*Exercise brief*: The answer should be an exact repeat of the stretch of material below from the line containing "在慷慨激昂的国歌声中大会正式" through the line containing "商品名称:慕澄家纺 2024新款大泡泡兔毛绒加厚保暖四件套 兔绒-蓝".
━━ Data provided
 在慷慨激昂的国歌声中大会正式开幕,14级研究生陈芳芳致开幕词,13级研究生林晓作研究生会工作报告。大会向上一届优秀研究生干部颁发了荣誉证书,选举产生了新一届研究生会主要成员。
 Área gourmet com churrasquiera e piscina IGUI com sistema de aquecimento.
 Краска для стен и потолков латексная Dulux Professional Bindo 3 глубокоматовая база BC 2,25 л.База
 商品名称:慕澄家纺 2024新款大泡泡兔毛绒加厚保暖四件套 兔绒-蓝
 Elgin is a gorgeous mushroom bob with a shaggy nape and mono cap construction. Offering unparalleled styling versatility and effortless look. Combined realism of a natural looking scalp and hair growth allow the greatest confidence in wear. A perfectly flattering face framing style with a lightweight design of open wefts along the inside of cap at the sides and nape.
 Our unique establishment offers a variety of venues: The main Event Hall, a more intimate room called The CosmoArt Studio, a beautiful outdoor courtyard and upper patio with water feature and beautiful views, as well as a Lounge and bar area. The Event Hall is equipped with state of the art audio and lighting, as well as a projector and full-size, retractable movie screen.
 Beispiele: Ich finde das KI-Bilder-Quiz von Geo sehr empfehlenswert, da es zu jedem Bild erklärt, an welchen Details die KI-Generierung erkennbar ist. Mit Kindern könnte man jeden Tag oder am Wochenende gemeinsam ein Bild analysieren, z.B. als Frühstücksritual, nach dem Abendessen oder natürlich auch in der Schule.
━━━━
━━ Data provided
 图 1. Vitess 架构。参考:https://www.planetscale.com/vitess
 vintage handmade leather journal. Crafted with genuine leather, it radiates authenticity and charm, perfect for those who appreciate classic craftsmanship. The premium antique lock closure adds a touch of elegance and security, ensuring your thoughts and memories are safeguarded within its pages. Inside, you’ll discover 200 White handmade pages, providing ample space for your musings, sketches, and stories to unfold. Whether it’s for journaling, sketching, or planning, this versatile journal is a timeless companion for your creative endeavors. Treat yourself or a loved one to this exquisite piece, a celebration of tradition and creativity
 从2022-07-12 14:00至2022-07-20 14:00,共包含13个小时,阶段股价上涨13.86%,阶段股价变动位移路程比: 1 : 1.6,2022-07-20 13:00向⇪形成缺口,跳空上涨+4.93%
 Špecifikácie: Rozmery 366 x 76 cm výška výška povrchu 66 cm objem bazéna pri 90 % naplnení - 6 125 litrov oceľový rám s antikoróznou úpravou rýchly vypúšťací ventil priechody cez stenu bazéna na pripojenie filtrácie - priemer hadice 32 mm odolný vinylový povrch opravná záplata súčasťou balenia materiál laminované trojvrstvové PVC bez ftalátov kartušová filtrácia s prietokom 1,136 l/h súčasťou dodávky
━━━━
━━ Data provided
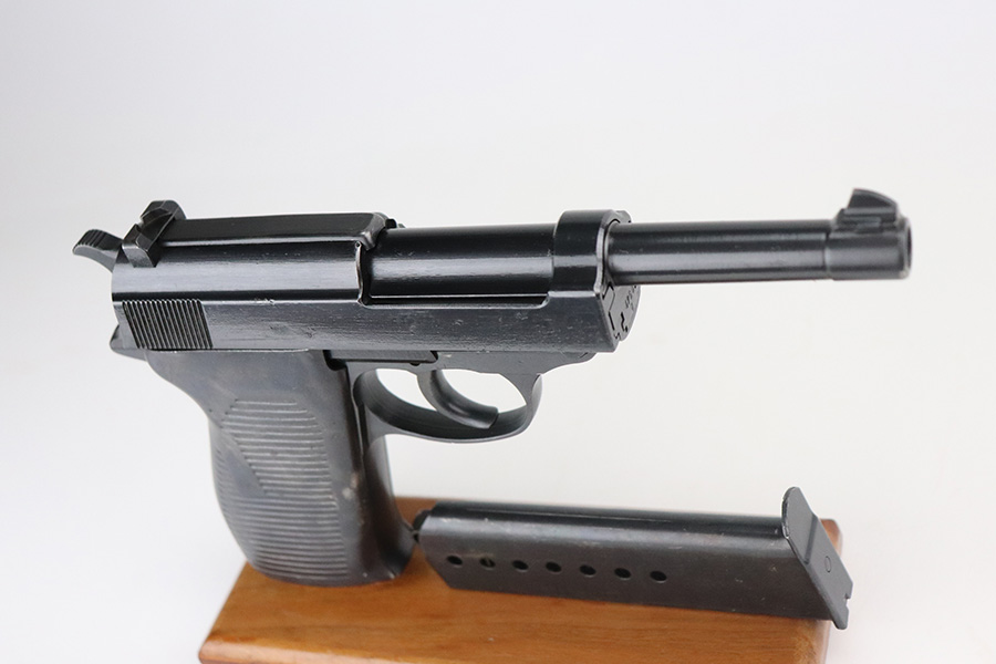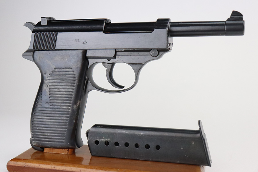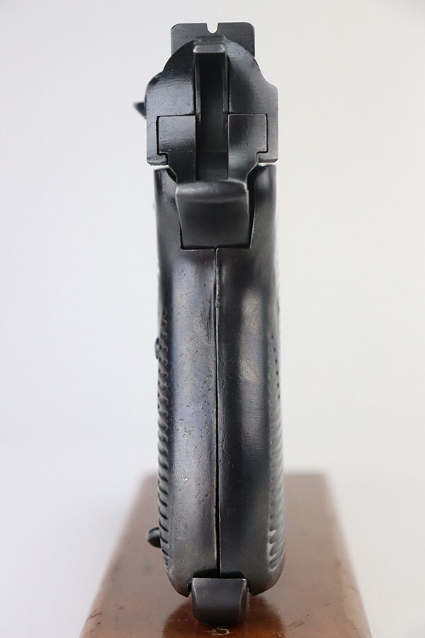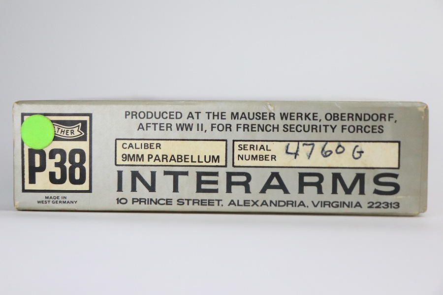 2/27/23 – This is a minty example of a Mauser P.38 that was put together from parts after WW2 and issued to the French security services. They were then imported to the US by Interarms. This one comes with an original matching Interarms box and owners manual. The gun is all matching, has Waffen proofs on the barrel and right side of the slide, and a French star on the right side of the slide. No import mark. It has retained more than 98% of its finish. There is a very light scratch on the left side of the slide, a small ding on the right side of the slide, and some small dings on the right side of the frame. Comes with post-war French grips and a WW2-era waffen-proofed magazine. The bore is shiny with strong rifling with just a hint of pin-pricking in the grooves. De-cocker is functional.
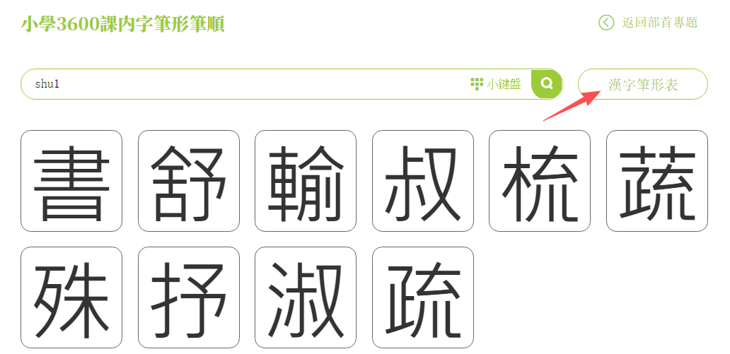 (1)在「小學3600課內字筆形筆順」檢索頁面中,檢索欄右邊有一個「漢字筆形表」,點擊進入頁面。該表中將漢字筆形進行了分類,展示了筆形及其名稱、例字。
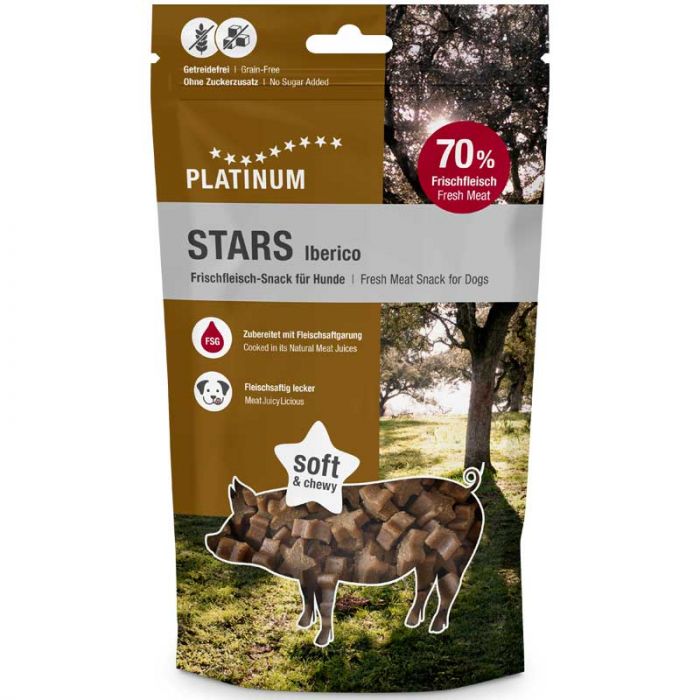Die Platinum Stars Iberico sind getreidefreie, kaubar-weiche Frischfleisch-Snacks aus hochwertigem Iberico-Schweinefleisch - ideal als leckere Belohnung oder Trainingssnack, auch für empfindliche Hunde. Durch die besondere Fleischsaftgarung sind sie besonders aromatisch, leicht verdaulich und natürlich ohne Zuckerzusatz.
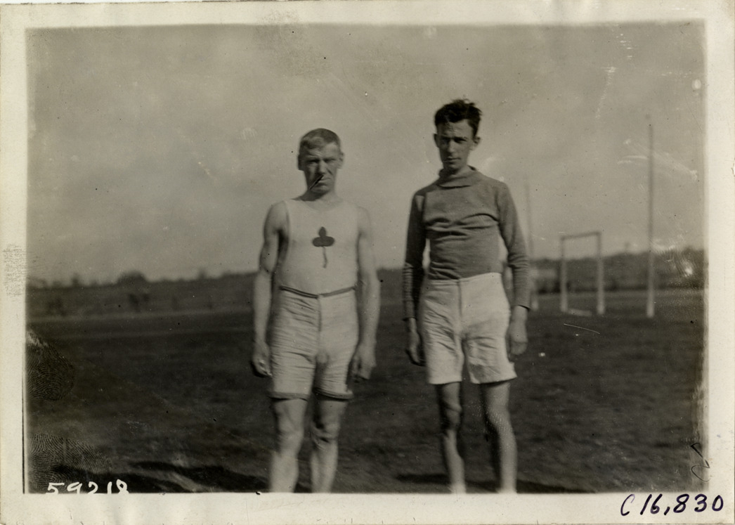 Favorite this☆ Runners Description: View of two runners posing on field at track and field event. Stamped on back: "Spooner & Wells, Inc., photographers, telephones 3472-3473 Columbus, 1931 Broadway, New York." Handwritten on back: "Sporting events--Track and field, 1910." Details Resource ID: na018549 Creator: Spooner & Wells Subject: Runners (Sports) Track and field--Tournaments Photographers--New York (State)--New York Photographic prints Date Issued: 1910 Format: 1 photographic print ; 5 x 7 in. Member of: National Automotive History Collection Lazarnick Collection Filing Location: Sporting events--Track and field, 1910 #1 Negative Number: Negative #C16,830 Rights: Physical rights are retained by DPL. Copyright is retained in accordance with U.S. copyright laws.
━━━━
*Response*:
 在慷慨激昂的国歌声中大会正式开幕,14级研究生陈芳芳致开幕词,13级研究生林晓作研究生会工作报告。大会向上一届优秀研究生干部颁发了荣誉证书,选举产生了新一届研究生会主要成员。
 Área gourmet com churrasquiera e piscina IGUI com sistema de aquecimento.
 Краска для стен и потолков латексная Dulux Professional Bindo 3 глубокоматовая база BC 2,25 л.База
 商品名称:慕澄家纺 2024新款大泡泡兔毛绒加厚保暖四件套 兔绒-蓝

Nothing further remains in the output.